**Task objective**
Would you transcribe the entries below, beginning at the line with "2009年AAA级安全文明标准化诚信工地" and ending after the line with "本次听写比赛内容为西默农作品", exactly, with no picture and nothing more?

**Dataset excerpts**
================================
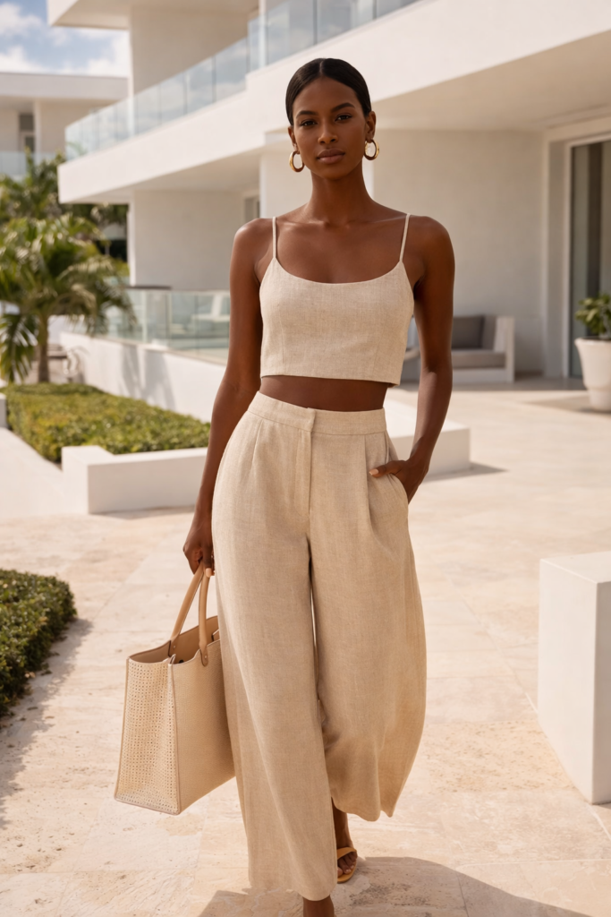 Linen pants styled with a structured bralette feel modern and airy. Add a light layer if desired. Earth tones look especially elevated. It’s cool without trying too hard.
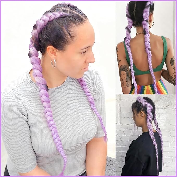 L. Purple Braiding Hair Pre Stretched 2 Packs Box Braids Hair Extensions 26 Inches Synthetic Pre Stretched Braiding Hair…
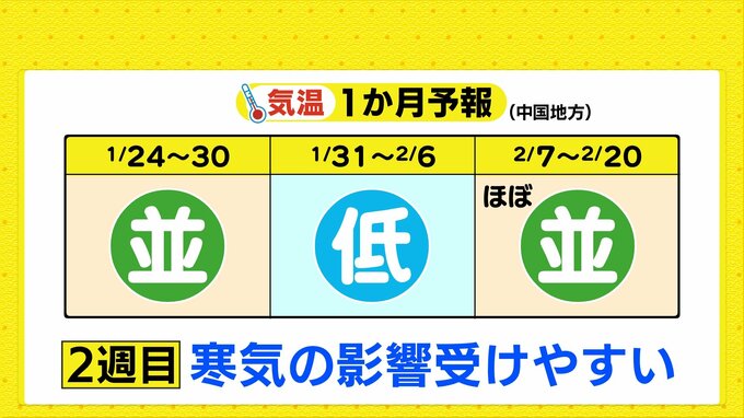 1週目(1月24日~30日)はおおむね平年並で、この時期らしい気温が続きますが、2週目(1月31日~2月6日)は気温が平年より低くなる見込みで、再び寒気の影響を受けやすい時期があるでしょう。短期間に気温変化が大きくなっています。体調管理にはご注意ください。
================================
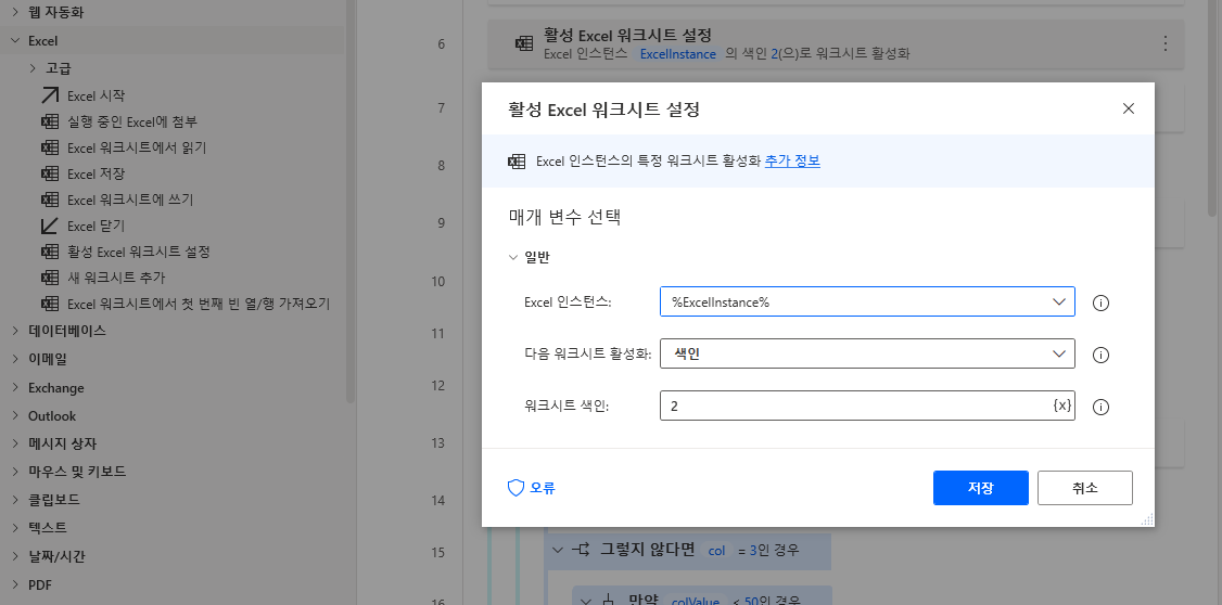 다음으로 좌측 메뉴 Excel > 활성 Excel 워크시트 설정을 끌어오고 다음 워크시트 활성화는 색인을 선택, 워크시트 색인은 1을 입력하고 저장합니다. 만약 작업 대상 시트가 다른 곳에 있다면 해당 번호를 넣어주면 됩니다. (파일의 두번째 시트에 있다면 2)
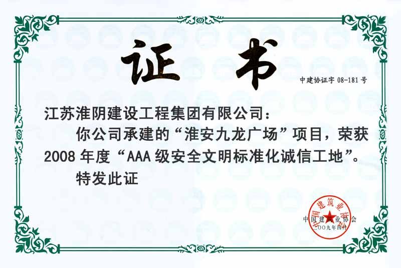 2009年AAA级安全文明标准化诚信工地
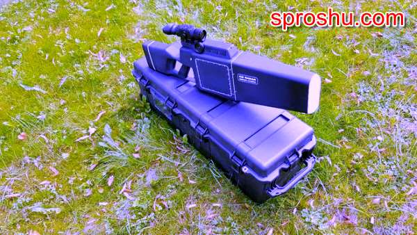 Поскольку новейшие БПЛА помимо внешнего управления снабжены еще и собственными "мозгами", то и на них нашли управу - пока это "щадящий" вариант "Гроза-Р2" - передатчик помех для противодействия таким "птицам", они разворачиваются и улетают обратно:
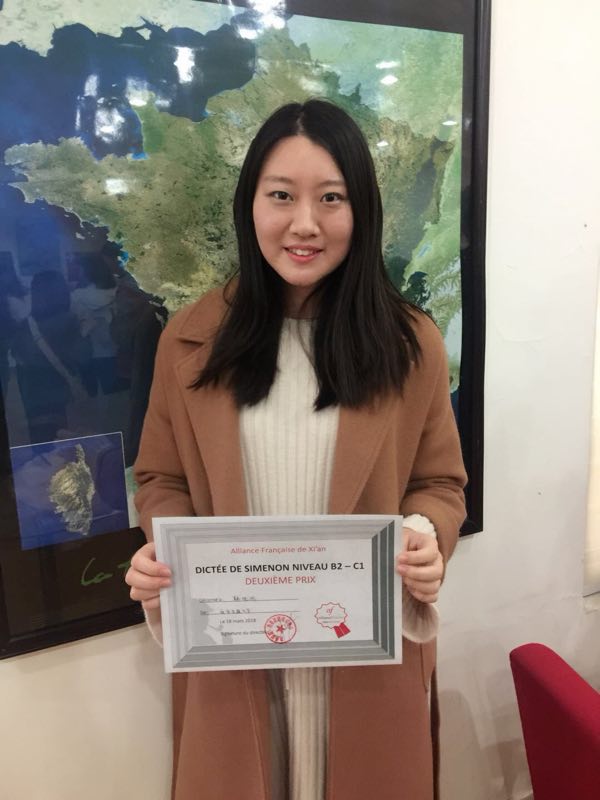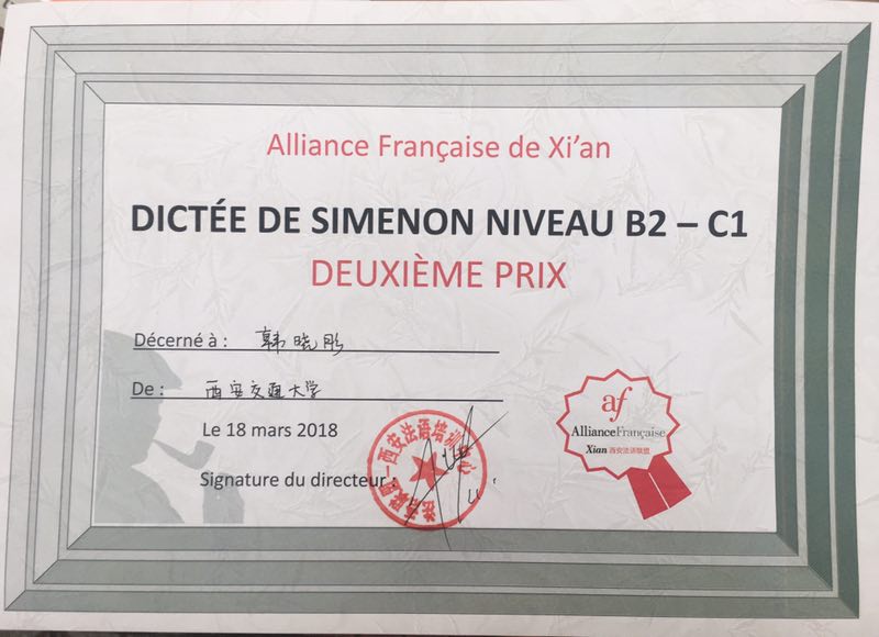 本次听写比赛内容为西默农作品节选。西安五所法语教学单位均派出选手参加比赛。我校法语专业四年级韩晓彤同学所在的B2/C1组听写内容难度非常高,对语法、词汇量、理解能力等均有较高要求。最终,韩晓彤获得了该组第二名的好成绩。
================================
**Result of this exercise**
 2009年AAA级安全文明标准化诚信工地
 Поскольку новейшие БПЛА помимо внешнего управления снабжены еще и собственными "мозгами", то и на них нашли управу - пока это "щадящий" вариант "Гроза-Р2" - передатчик помех для противодействия таким "птицам", они разворачиваются и улетают обратно:
 本次听写比赛内容为西默农作品节选。西安五所法语教学单位均派出选手参加比赛。我校法语专业四年级韩晓彤同学所在的B2/C1组听写内容难度非常高,对语法、词汇量、理解能力等均有较高要求。最终,韩晓彤获得了该组第二名的好成绩。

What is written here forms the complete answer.